Acknowledging the existence of the chaos and uncertainty of war is acknowledging that some civilian deaths are unavoidable. The causes are plenty, bad intelligence, failures in communication between various units, and all sorts of malfunctions with the technologies deployed. The slightest computer glitch can bring about unbearable sights of death and misery. Of course that does not exclude the belligerent parties from doing their outmost to avoid inflicting such harm on the civilians caught in between. On the contrary, it imposes on them the duty to go above and beyond in protecting non-combatants. But the same reality imposes on any human rights activist critical of a military campaign the need to accept that some civilian deaths will occur. It is a dreadful thing to do, especially for a human rights activist, but that is what they are investigating, a war, a violent chaos. And once they made the accusation of unlawful killings of civilians they immediately acknowledged the existence of lawful killings of civilians alongside it. These are death caused by known factors such as accidents and collateral damage, and lesser known factors, such as the inability to evacuate injured casualties because of the fighting or its consequences. Ignoring that runs the risk of developing interpretation of international law so strict and rigid; they will grant all forms of self-defense illegal. In an era when civilians are deliberately targeted by terror organizations this is a violation of the greatest of all human rights, the right to live and to be safe from harm. It is a right every sovereign country is committed to protect.

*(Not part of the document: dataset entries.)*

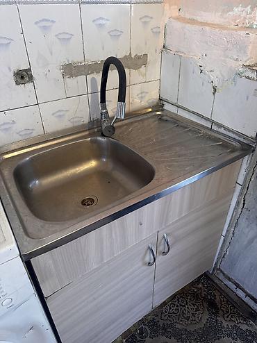 Кухонный шкаф с раковиной и смесителем 15000сом Офисный стол +4 стула; 5000 сом
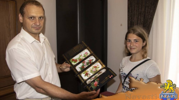 Администрацию посетила юная гостья Уленгия Дуброва. Уленгия представляла г.Ульяновск и г.Феодосию на Международном фестивале «Золой лотос», который проходил в Китае в г. Пекин, где победила в номинации «Народный вокал» и заняла третье место в номинации «Эстрадный вокал». Уленгия, вернувшись в Феодосию, привезла из Китая памятный сувенир в виде книги, который вручила сегодня Главе Администрации на добрую память. Сергей Викторович, пожелал юному дарованию удачи и успехов, а также дальнейших побед на подобных фестивалях.
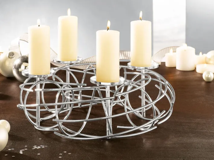 Der JUSTINUS Adventskranz LIFE STYLE besteht aus einem eleganten, silberfarbigen Metallgeflecht und vier Kerzenhaltern. Er ist für die Verwendung mit großen Stumpenkerzen gedacht und sorgt während der Adventszeit für romantischen Kerzenschein. Wer mit einem minimalistischen Adventskranz nur wenig anfangen kann, kann ihn mit geringem Aufwand in eine prachtvolle Weihnachtsdekoration verwandeln. Mit Tannengrün, sonstigen immergrünen Zweigen, Schleifen und etwas getrockneten Gewürzen wie Sternanis oder Zimtstangen sieht der chromfarbige Adventskranz sofort natürlicher aus.

What is that acceptable death toll of enemy civilian population? Preferably and most preferably it is the lowest minimum possible. And possible is a key word here, because circumstances dictate possibilities, and circumstances change from one situation to the next. They don't always bring about the possibilities that facilitate our desired outcome. To those of us with a moral conscious, attempting to find an answer to this horrific question, this is an unbearable dilemma. This is a dilemma that is slicing us from within, because we do not want to see any civilian getting hurt; from either side.

Bringing that question to an open public debate will bring about countless of answers. Different people, with different backgrounds will give different answers. Human rights advocates, military experts, international law experts, politicians, journalists, ideologues, and opportunists. They all represent a wide array of different points of view, disciplines and expertise, opinions and convictions. All of which are probably very important in their own right, but are irrelevant to the issue at hand, since from a mathematical point of view the lowest minimum will always be one. One attack out of many in the general vicinity of a UN administrated school that happened to hit it. And one attack is exactly what HRW is presenting, one attack in Beit Hanoun, one attack in Jabalya, and one attack in Rafah. In actuality they have much less.

1 comment:

  1. Excellent initiative!
    First a small thing, I suppose "The false expectations begins were all writers create expectations, the headlines"- should be "...where all..."

    Second, it is respectable that yr observations are so complex, although I think there are also simpler faults of HRW still to be pointed out, and maybe more effective is to start with these.
    But I definitely suggest, if we look for clarity, simpler language. For example:

    "An In-depth investigation cannot contain a rich presence of expressions that suggest a lack of clarity" says with many words not more than: "An In-depth investigation should use clear and exact expressions"
    I think, keeping it simpler would be even better.